Plug and Play Language Models

Plug and Play Language Models (PPLM) combines a pre-trained language model with one or more simple attribute classifiers that guide text generation without any further training. The attribute models consist of a user-specified bag of words or a single learned layer with 100,000 times fewer parameters. Model samples demonstrate control over sentiment styles, and extensive automated and human-annotated evaluations show attribute alignment and fluency. 

Check the paper here.

Meta-Learning without Memorization

Meta-learning is famous for leveraging data from previous tasks to enable efficient learning of new tasks. However, most meta-learning algorithms require meta-training tasks to be mutually exclusive, such that no single model can solve all of the tasks at once. 

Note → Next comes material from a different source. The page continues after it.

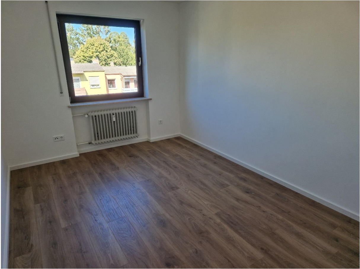
Abbildung 8: Kinder- oder Arbeitszimmer

In this paper, the authors address this challenge by designing a meta-regularization objective using information theory that places precedence on data-driven adaptation. By doing so, this algorithm successfully uses data from non-mutually-exclusive tasks to efficiently adapt to novel tasks.

Check paper here.

Reformer: The Efficient Transformer

This paper introduces two techniques to improve the efficiency of Transformers. Furthermore, the authors used reversible residual layers instead of the standard residuals, which allows storing activations only once in the training process. The resulting model, the Reformer, performs on par with Transformer models while being much more memory-efficient and much faster on long sequences.

Check paper here.

Understanding the Effectiveness of MAML

Model Agnostic Meta-Learning (MAML), a method that consists of two optimisation loops, with the outer loop finding a meta-initialisation, from which the inner loop can efficiently learn new tasks. Despite MAML’s popularity, its effectiveness is still questioned. The authors investigated this question, via ablation studies and analysis of the latent representations. The results show that feature reuse is the dominant factor and this led to ANIL (Almost No Inner Loop) algorithm, a simplification of MAML where the inner loop is removed for all but the (task-specific) head of the underlying neural network. 

Check the paper here.

Your Classifier is Secretly an Energy-Based Model

This paper proposes attempts to reinterpret a standard discriminative classifier as an energy-based model. In this setting, wrote the authors, the standard class probabilities can be easily computed as well as for unnormalized values. They demonstrated that energy-based training of the joint distribution improves calibration, robustness, handout-of-distribution detection while also enabling our models to generate samples rivalling the quality of recent GAN approaches. This work improves upon recently proposed techniques for scaling up the training of energy-based models and is the first to achieve performance rivalling the state-of-the-art in both generative and discriminative learning within one hybrid model.

Check the paper here.

Lottery Tickets In Reinforcement Learning AND NLP

The authors evaluated whether “winning ticket” initializations exist in two different domains: natural language processing (NLP) and reinforcement learning (RL). For NLP, they examined both recurrent LSTM models and large-scale Transformer models. Whereas for RL, a number of discrete-action space tasks were analysed. Results suggest that the lottery ticket hypothesis is not restricted to supervised learning of natural images, but rather represents a broader phenomenon in DNNs.

Check the paper here.

On Identifiability in Transformers

In this paper, the authors delved deep in the Transformer architecture by investigating two of its core components: self-attention and contextual embeddings. In particular, they examined the identifiability of attention weights, token embeddings, and the aggregation of context into hidden tokens. The authors demonstrated that, for sequences longer than the attention head dimension, attention weights are not identifiable. They also propose effective attention as a complementary tool for improving explanatory interpretations based on attention. Overall, this work shows that self-attention distributions are not directly interpretable and present tools to better understand and further investigate Transformer models. 

Check the paper here.

Neural Tangents

Neural Tangents is a library designed to enable research into infinite-width neural networks. It provides a high-level API for specifying complex and hierarchical neural network architectures. Neural Tangents provides tools to study gradient descent training dynamics of wide but finite networks in either function space or weight space.

Check the paper here.

Generalization through Memorization

The authors in this work show how to efficiently scale up to larger training sets and allow for effective domain adaptation, by simply varying the nearest neighbor datastore, without further training. The model is particularly helpful in predicting rare patterns and the results strongly suggest that learning similarity between sequences of text is easier than predicting the next word.

Check the paper here.

There are other interesting works as well, covering which, is beyond the scope of this article. Please check the full list of papers here.

Download our Mobile App

Ram Sagar
I have a master's degree in Robotics and I write about machine learning advancements.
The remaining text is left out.